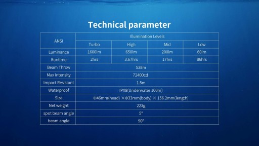 Profesjonalna latarka do nurkowania XTAR D26 1600S to nowa wersja latarki D26, stworzona specjalnie by ułatwić podwodną komunikację oraz bezpieczną eksplorację jaskiń w przejrzystej wodzie. Latarka ma skoncentrowaną do 5 stopni wiązkę światła, która bez problemu penetruje ciemności w eksplorowanych przestrzeniach. Generuje także rozproszone boczne światło doświetlające o kącie 90°. A odpowiednio dobrany odbłyśnik daje przyjemną i miękką poświatę. Pozwala to zobaczyć większe obiekty, dobrze oświetlone i wyraźne. Praktyczny profesjonalizm lampa pokazuje w wodach o małej przejrzystości. Wąski kąt i skupienie głównej wiązki działa tu idealnie. Promień latarki widoczny jest wyraźnie, nawet z większych odległości i zapewnia skuteczną komunikację.
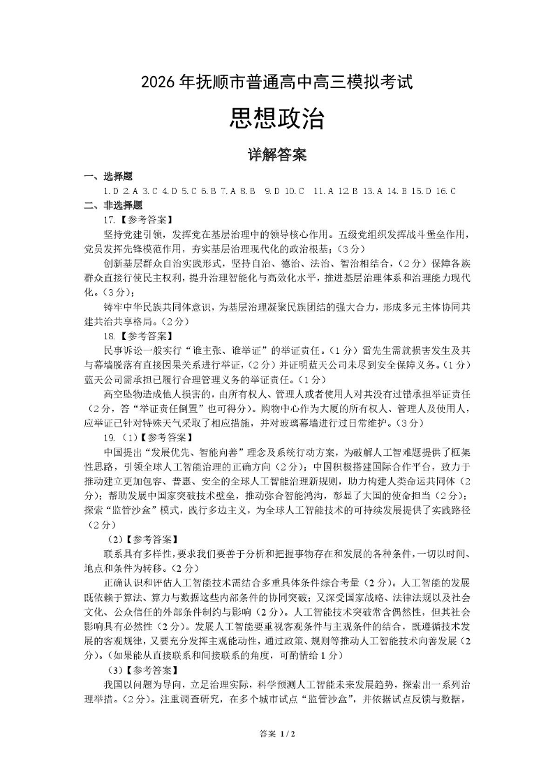 2026年抚顺市普通高中应届毕业生高考模拟考试 政治答案.pdf
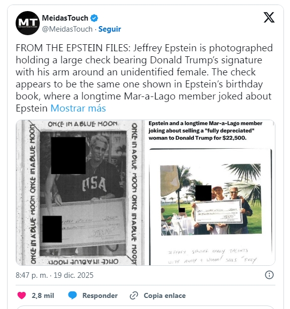 El cheque parece ser el mismo que aparece en un libro de cumpleaños de Epstein, donde un antiguo socio de Mar-a-Lago se refirió –aparentemente en broma– sobre la venta a Trump de una mujer "totalmente devaluada" por 22.500 dólares.
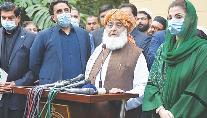 ادھر سے میاں نواز شریف انقلابی بن گئے چنانچہ جمہوریت پسند حلقوں نے پی ڈی ایم سے بڑی توقعات وابستہ کر لیں لیکن اے بسا آرزو کہ خاک شدہ است۔ پی ڈی ایم کی ساخت، جس میں بلوچ اور پختون قوم پرست ایک طرف تھے تو پنجاب اور سندھ کی بڑی جماعتیں دوسری طرف تھیں جبکہ قیادت اسٹریٹ پاور کی حامل جے یو آئی کے مولانا فضل الرحمٰن کے پاس تھی، نے مختصر وقت میں حکومت اور اُس کے سرپرستوں کو ہلاکے رکھ دیا۔
----------------
Transcribe the full listing above exactly, with the images removed.

 Profesjonalna latarka do nurkowania XTAR D26 1600S to nowa wersja latarki D26, stworzona specjalnie by ułatwić podwodną komunikację oraz bezpieczną eksplorację jaskiń w przejrzystej wodzie. Latarka ma skoncentrowaną do 5 stopni wiązkę światła, która bez problemu penetruje ciemności w eksplorowanych przestrzeniach. Generuje także rozproszone boczne światło doświetlające o kącie 90°. A odpowiednio dobrany odbłyśnik daje przyjemną i miękką poświatę. Pozwala to zobaczyć większe obiekty, dobrze oświetlone i wyraźne. Praktyczny profesjonalizm lampa pokazuje w wodach o małej przejrzystości. Wąski kąt i skupienie głównej wiązki działa tu idealnie. Promień latarki widoczny jest wyraźnie, nawet z większych odległości i zapewnia skuteczną komunikację.
 2026年抚顺市普通高中应届毕业生高考模拟考试 政治答案.pdf
 El cheque parece ser el mismo que aparece en un libro de cumpleaños de Epstein, donde un antiguo socio de Mar-a-Lago se refirió –aparentemente en broma– sobre la venta a Trump de una mujer "totalmente devaluada" por 22.500 dólares.
 ادھر سے میاں نواز شریف انقلابی بن گئے چنانچہ جمہوریت پسند حلقوں نے پی ڈی ایم سے بڑی توقعات وابستہ کر لیں لیکن اے بسا آرزو کہ خاک شدہ است۔ پی ڈی ایم کی ساخت، جس میں بلوچ اور پختون قوم پرست ایک طرف تھے تو پنجاب اور سندھ کی بڑی جماعتیں دوسری طرف تھیں جبکہ قیادت اسٹریٹ پاور کی حامل جے یو آئی کے مولانا فضل الرحمٰن کے پاس تھی، نے مختصر وقت میں حکومت اور اُس کے سرپرستوں کو ہلاکے رکھ دیا۔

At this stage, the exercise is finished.